== PROVIDED RECORDS

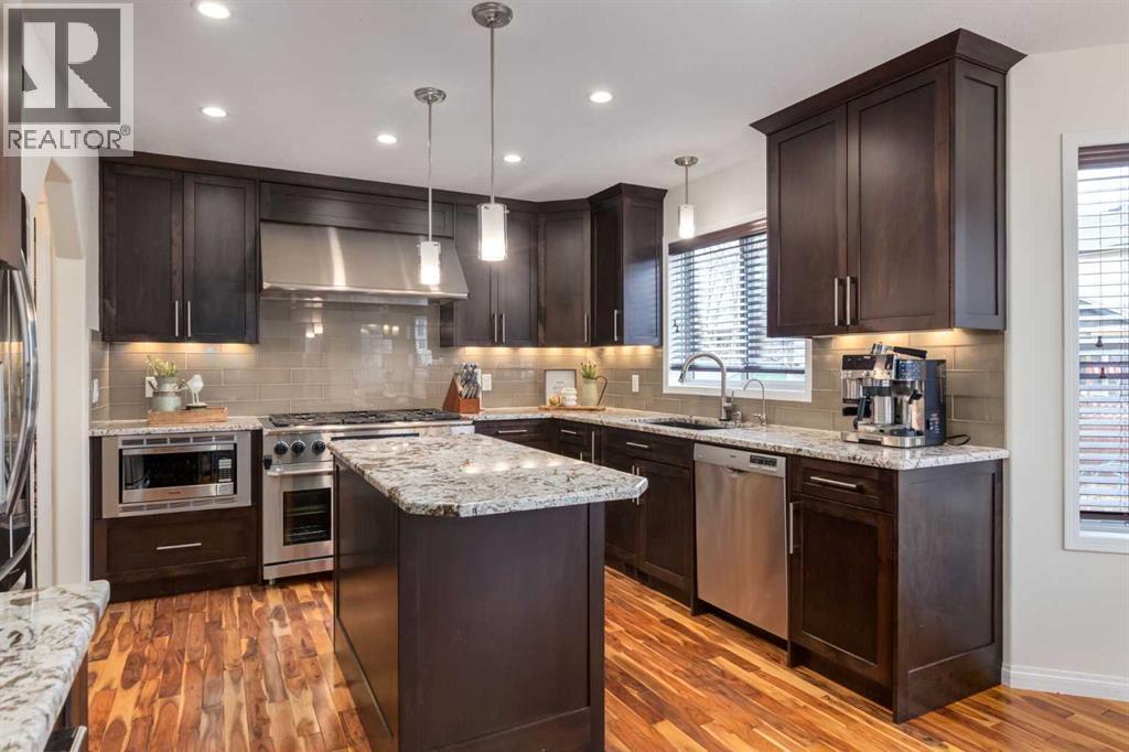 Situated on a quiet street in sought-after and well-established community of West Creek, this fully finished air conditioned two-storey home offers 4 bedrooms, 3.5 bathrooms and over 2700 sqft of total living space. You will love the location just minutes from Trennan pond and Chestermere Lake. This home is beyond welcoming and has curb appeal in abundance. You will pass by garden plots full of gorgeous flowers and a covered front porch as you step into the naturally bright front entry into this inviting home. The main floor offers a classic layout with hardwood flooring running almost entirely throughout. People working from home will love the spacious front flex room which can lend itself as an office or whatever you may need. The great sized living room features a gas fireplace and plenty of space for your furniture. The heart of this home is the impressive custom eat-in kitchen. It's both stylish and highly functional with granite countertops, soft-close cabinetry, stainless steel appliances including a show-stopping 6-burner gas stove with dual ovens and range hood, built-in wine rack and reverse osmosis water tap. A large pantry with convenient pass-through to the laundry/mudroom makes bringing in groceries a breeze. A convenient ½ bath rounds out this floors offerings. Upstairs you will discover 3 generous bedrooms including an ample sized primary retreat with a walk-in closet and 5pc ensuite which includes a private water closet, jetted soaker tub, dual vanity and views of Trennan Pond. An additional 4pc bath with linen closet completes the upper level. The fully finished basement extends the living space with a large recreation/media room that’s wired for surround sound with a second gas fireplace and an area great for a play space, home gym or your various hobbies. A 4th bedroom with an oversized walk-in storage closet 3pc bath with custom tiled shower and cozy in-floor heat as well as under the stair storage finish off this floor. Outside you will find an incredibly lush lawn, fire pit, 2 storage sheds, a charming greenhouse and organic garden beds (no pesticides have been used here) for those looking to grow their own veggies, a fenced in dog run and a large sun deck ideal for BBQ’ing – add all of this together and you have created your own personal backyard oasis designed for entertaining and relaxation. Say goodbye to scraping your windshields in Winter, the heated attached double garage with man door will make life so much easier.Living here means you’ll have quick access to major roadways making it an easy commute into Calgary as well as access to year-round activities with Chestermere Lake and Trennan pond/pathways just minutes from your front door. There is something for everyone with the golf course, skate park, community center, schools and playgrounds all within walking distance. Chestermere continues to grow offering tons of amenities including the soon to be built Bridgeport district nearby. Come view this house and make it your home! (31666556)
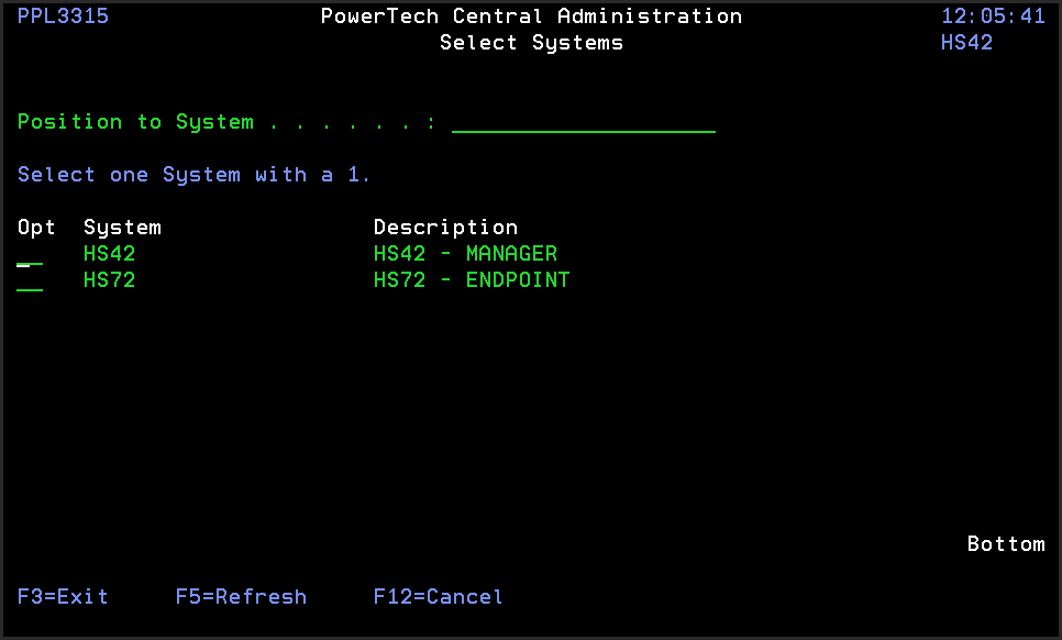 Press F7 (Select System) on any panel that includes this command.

====
== PROVIDED RECORDS

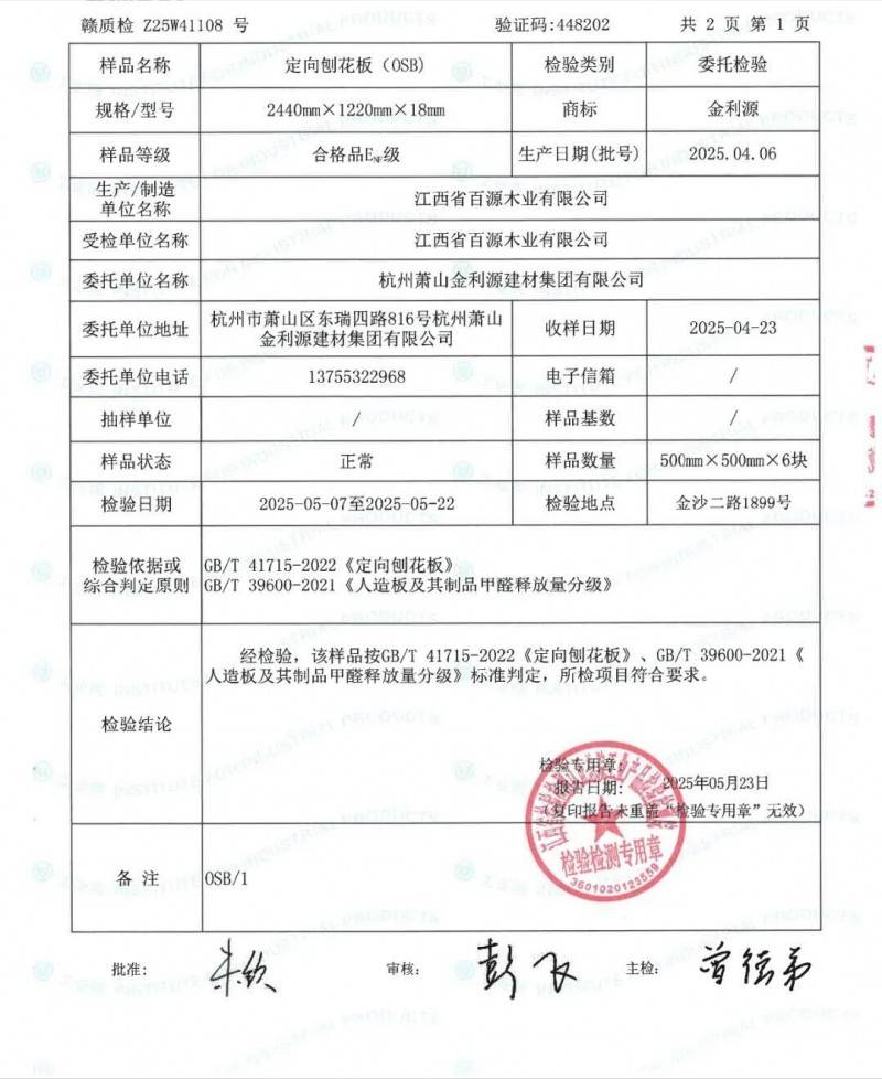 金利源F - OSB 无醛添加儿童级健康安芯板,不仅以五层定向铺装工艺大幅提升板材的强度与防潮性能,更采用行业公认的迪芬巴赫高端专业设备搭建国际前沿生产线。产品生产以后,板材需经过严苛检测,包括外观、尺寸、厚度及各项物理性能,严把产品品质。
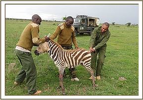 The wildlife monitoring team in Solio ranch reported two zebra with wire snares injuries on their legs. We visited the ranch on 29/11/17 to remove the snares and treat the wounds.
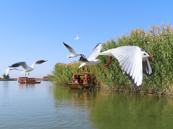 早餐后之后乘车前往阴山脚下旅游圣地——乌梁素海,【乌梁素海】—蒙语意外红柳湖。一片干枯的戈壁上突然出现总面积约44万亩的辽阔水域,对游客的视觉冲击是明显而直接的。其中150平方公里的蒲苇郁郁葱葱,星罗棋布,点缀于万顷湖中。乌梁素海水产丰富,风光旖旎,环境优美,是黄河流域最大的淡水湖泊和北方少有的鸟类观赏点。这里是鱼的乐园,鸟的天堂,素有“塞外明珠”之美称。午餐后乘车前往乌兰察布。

====
== PROVIDED RECORDS

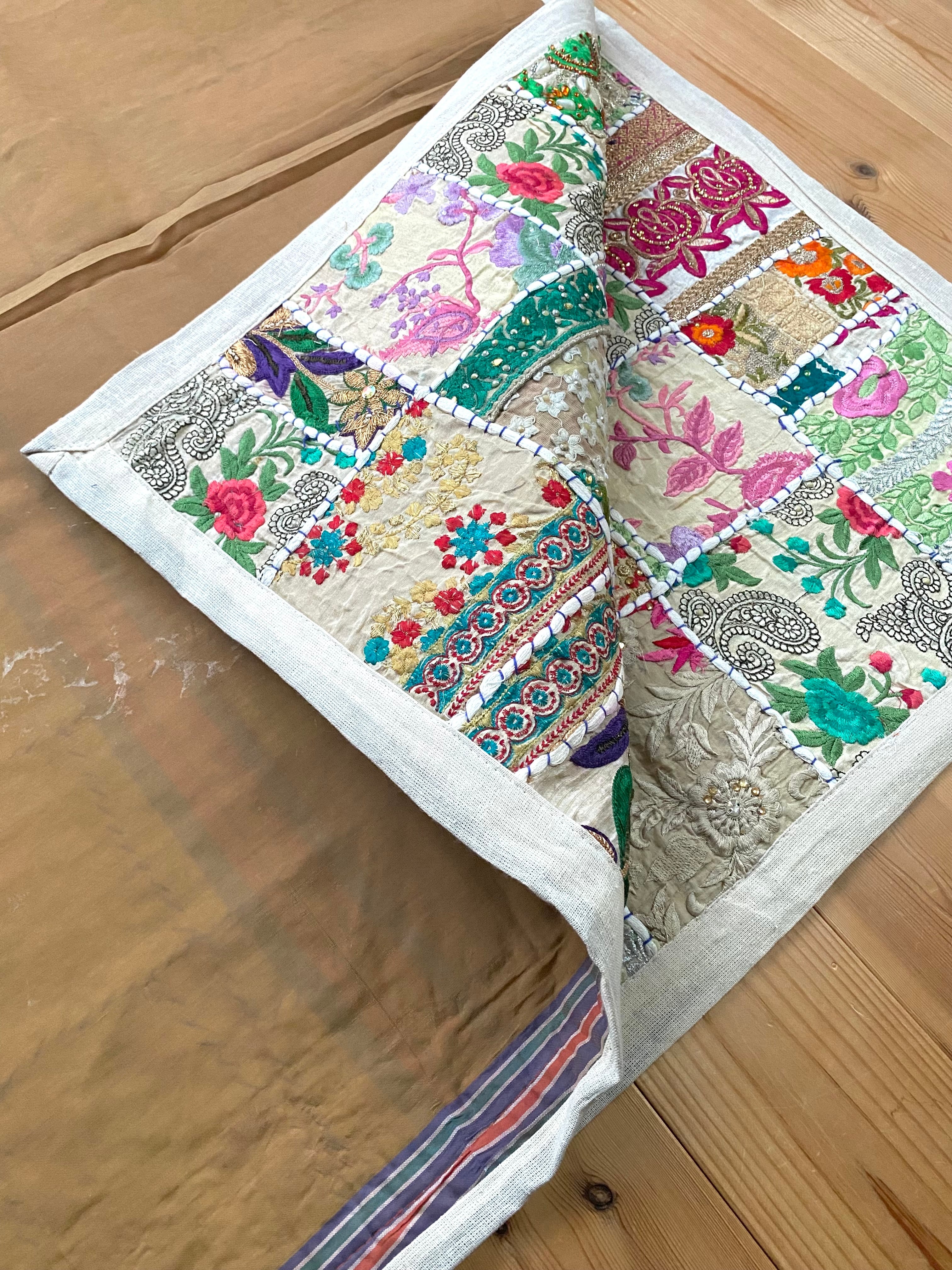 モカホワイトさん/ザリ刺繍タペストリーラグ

====

Using the data above, retype exactly the lines from the line with "The wildlife monitoring" to the line with "早餐后之后乘车前往阴山脚下旅", inclusive. No pictures and nothing else.

 The wildlife monitoring team in Solio ranch reported two zebra with wire snares injuries on their legs. We visited the ranch on 29/11/17 to remove the snares and treat the wounds.
 早餐后之后乘车前往阴山脚下旅游圣地——乌梁素海,【乌梁素海】—蒙语意外红柳湖。一片干枯的戈壁上突然出现总面积约44万亩的辽阔水域,对游客的视觉冲击是明显而直接的。其中150平方公里的蒲苇郁郁葱葱,星罗棋布,点缀于万顷湖中。乌梁素海水产丰富,风光旖旎,环境优美,是黄河流域最大的淡水湖泊和北方少有的鸟类观赏点。这里是鱼的乐园,鸟的天堂,素有“塞外明珠”之美称。午餐后乘车前往乌兰察布。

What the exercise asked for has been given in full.